Directors may be removed for or without cause by the shareholders.

                  5.       Meetings of the Board of Directors may be held at any
place within or without the State of Ohio upon call of the Chairman of the
Board of Directors, the President, any Vice President or any two (2) directors.
Written notice of the time and place of each meeting of directors shall be given
to each director either by personal delivery or by mail, telegram or cablegram
at least two (2) days before the meeting. One-third of the number of



directors of the Corporation then in office, but not less than two, shall
constitute a quorum.

                  6.       The Board of Directors shall elect a President, a
Secretary, a Treasurer and such other officers as it may deem appropriate. The
President, Secretary, and any other officer so appointed by the Board of
Directors are authorized to execute certificates representing shares of the
Corporation's capital stock. Persons may hold more than one office. Officers
shall have the authority and responsibilities given them by the Board of
Directors, and each officer shall hold office until his successor is elected and
qualified, unless a different term is specified by the Board of Directors.

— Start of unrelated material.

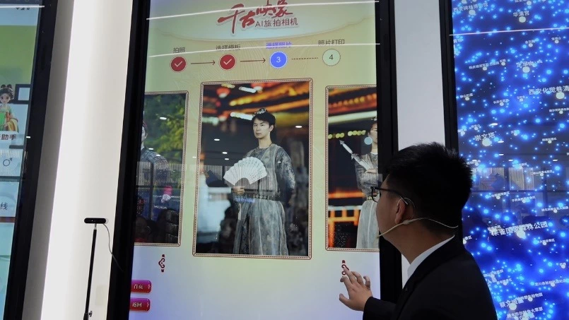 在长安十二时辰主题街区,全仿古的内部装饰让游客们连声赞叹,很多人都换上了古装汉服游逛,乐在其中。在一个角落,很多游客在AI旅拍一体机(换装相机)前排起了长队。记者看到,游客面对摄像头拍一张照片,瞬间会生成一张身着古典服装的全妆照片。据工作人员介绍,这个一体机通过人脸识别算法+图像大模型支撑,可以根据李白、花魁等人物形象生成栩栩如生的照片。一键换装、穿越千年,AI的魅力确实不可抵挡。

                  7.       By resolution adopted by the greater of (i) a
majority of the directors of the Corporation then in office when the action is
taken; or (ii) the number of directors required by the Articles of Incorporation
or Bylaws to take action, the directors may designate from among their number
three (3) or more directors to constitute an Executive Committee and other
committees, each of which, to the extent permitted by law, shall have the
authority granted it by the Board of Directors.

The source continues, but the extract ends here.